Also check out Jake’s awesome, free book: Python Data Science Handbook
Jake Vanderplas has a great video series about reproducible analysis in Jupyter Notebooks. His overall recommendation for using Jupyter:
This is (I think) the minimum set of requirements for a real-time linter ensuring that "Restart and Run All" will work correctly.— Jake VanderPlas (@jakevdp) November 27, 2017
Before closing out of an analysis session, make sure you can run your notebook from a clean state.
Video Timelines and Notes
- Retrieve data from code; reproducible analysis starts with acquiring the data.

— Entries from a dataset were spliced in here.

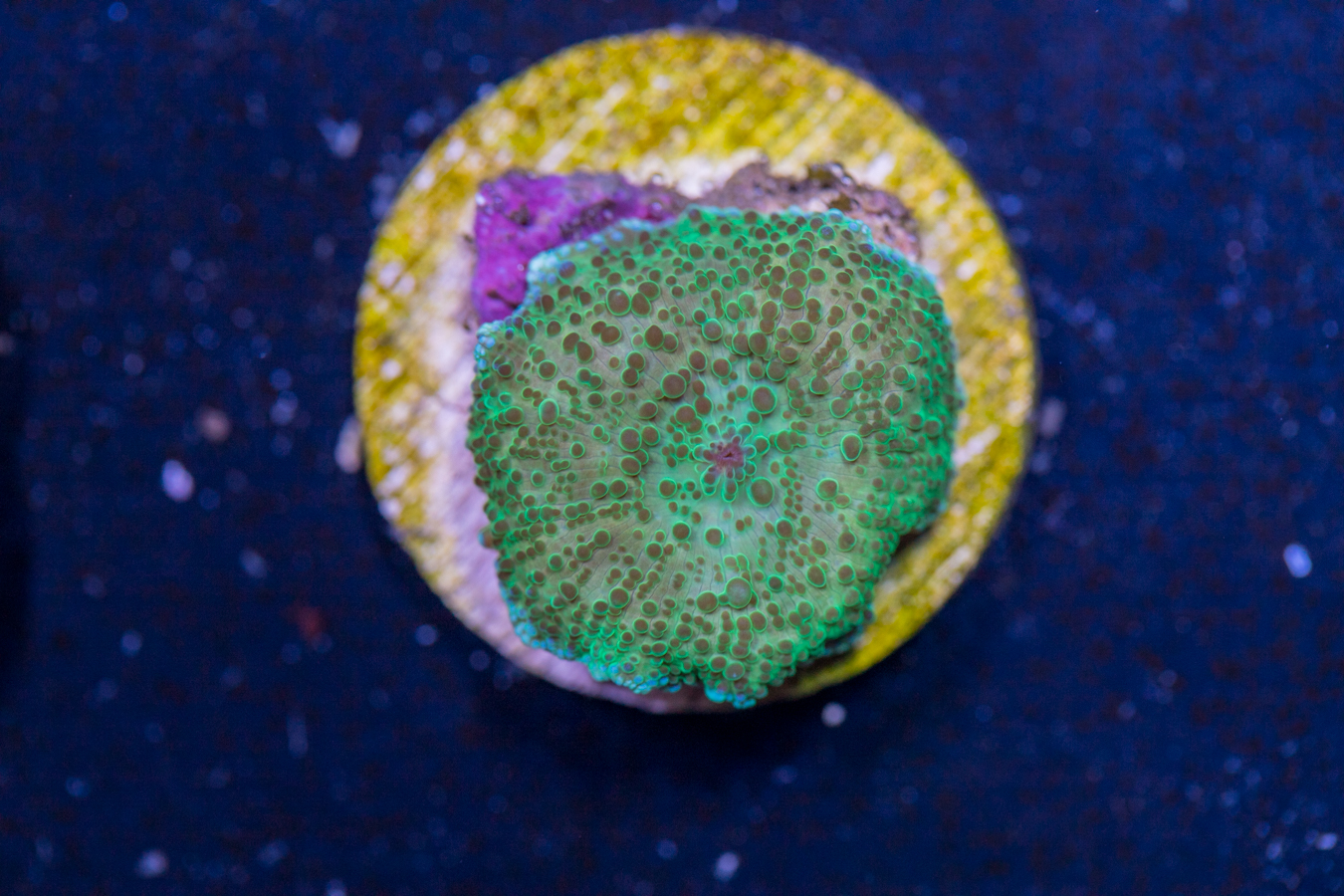Corals placed at the bottom of the tank thrive in lower flow and partially shaded areas. They can be placed on your sand bed or perhaps under a ledge.  We recommend that they get some light, but don’t need as much as other corals to live and grow.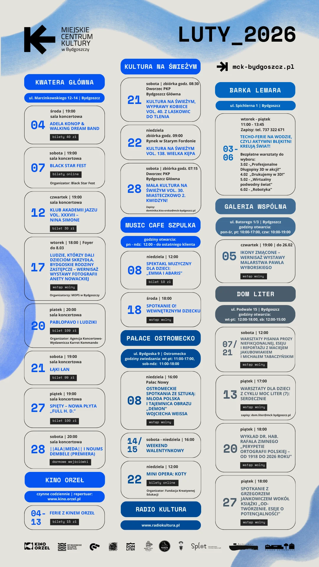 Zapraszamy do zapoznania się z programem wydarzeń Miejskiego Centrum Kultury w Bydgoszczy na luty 2026 – sprawdź, co przygotowaliśmy!
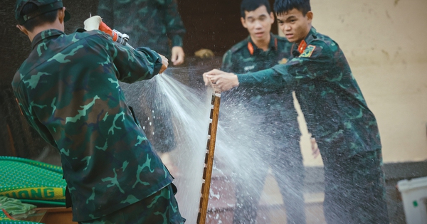 Hơn 100 cán bộ, chiến sĩ Trung đoàn 1, Sư đoàn 2 (đóng quân tại An Khê, Gia Lai) khẩn trương giúp Trường tiểu học Nguyễn Khuyến (P.Quy Nhơn Bắc, Gia Lai) khắc phục hậu quả lũ lụt.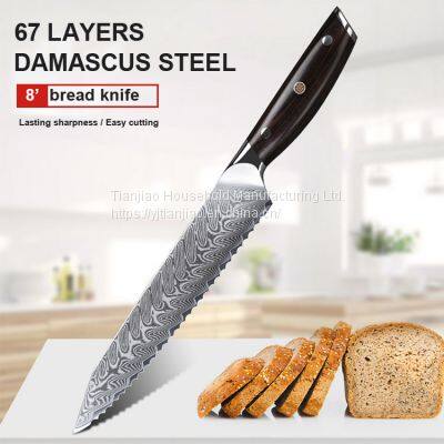 8 inch Bread Knife Damascus Stainless Steel Professional Grade Bread Kitchen Knife Serrated Edge Cake Crusty Bread Knife$22.00 - $26.00 / piece300.0 pieces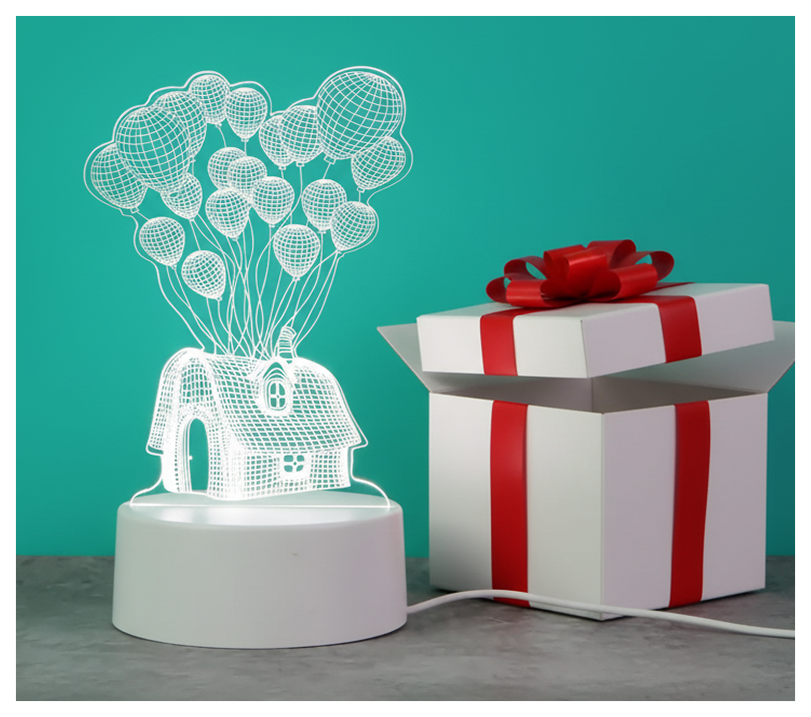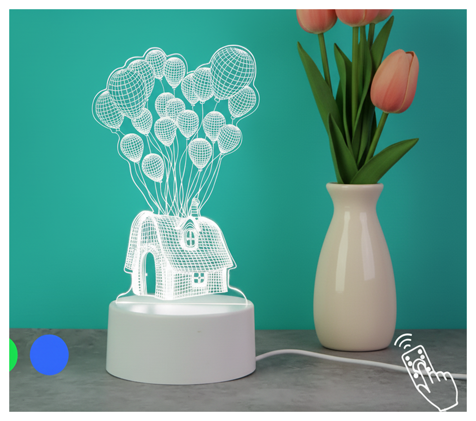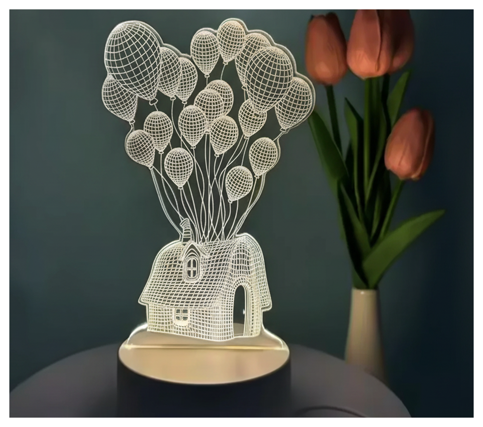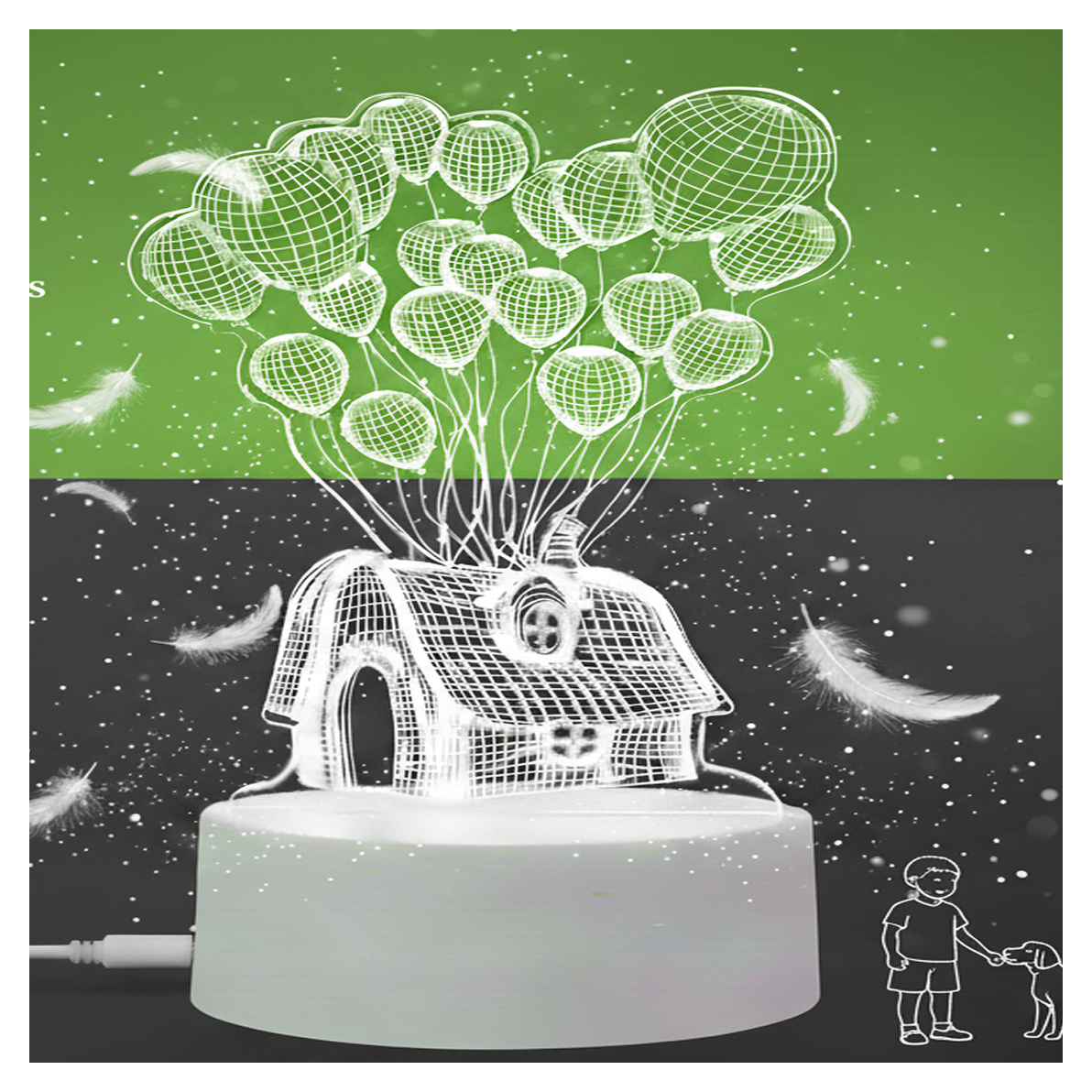 Mesmerising Depth & Design The engraved acrylic panel creates a vivid illusion of a house lifted by balloons, giving depth and wow-factor.

- Use pandas to load data.
- Familiar libraries are often imported with nicknames common in the community
import pandas as pd
- explore your data by graphing it from different angels
- matplotlib has built-in styles to prettify plots, including seaborn
- aggregate and groupby, data with pandas data wrangling
- pivot tables are very easy to run and output
- Jupyter is great because we can explore data by jumping around in different code blocks (nonlinearity)
- before saving, linearize your notebook. “Restart & Run All” is your friend
- don’t check your data into version control (it should be acquired in code, if possible)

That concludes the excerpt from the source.